Noel Street's most striking feature is undoubtedly the Soho Mural. This huge painting of a branch snapping off a tree is daubed across the end of an entire building on the corner with Poland Street, and is entitled "Ode to the West Wind". You'd only know this if you've ever stood up close and read the fading 'plaque' painted underneath, where you'll also learn that the artist was Louise Wiles and she painted it in 1989. No clues alas to the identity of the crouching woman reading a book beneath the tempest, nor any sign of anyone returning to clean up black streaks of gutter-runoff discolouring down each edge. Nextdoor to the mural is the YHA's central London backpackers youth hostel. More than a hundred beds are crammed inside for the benefit of international travellers, although I suspect sheet sleeping bags are now a thing of the past. An ostentatious tattoo parlour is conveniently located two doors up, for the aftermath of especially drunken nights, with its own blog that posts inky work in progress. Meanwhile opposite are some dull corporate officey buildings, and some messy bike racks, and various media types scuttling by.

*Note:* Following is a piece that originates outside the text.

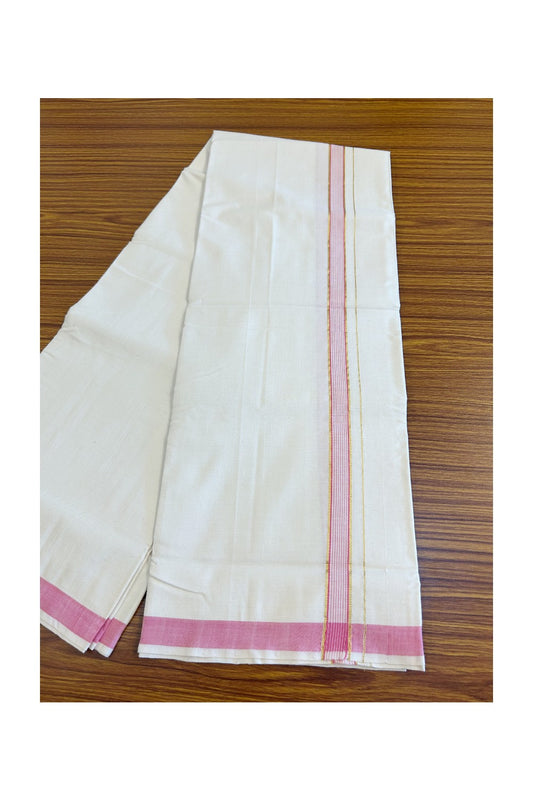 KaithariKada 100% Cotton Balaramapuram Handloom Single Mundu/Dhoti - Off White (Unbleached) 1.45 inch Kasavu & Pink striped Kara (2 meter / 4 muzham) - 10KK499KK.

The eastern half of Noel Street feels a lot more Soho-esque, being older and narrower, indeed with room only for one-way traffic. Cars and taxis, mostly taxis, whip in round the corner from Wardour Street and zip on through. There are proper (small) shops here, and several of the eateries for which the area is famous. At one end of the scale is a dirt cheap proper cafe, selling toasted ciabattas and topped jacket potatoes for under a fiver, with a laminated menu posted in the window featuring ancient clipart and handwritten prices. At the other end of the scale is a pretentious sit-down outlet whose brand name is the word burger with all the vowels missing, who do a meat'n'donut afternoon tea for £17 and who were offering a vanilla pattie on the day I passed. I know which of the two I'd prefer to eat in. A similar contrast exists between two adjacent garment shops, one selling high class silk dresses, the other all the bits a seamstress might need to knock up an imitation. It's much the more interesting end of Noel Street, this, and I hope the gourmetintruders don't completely edge out the Soho originals.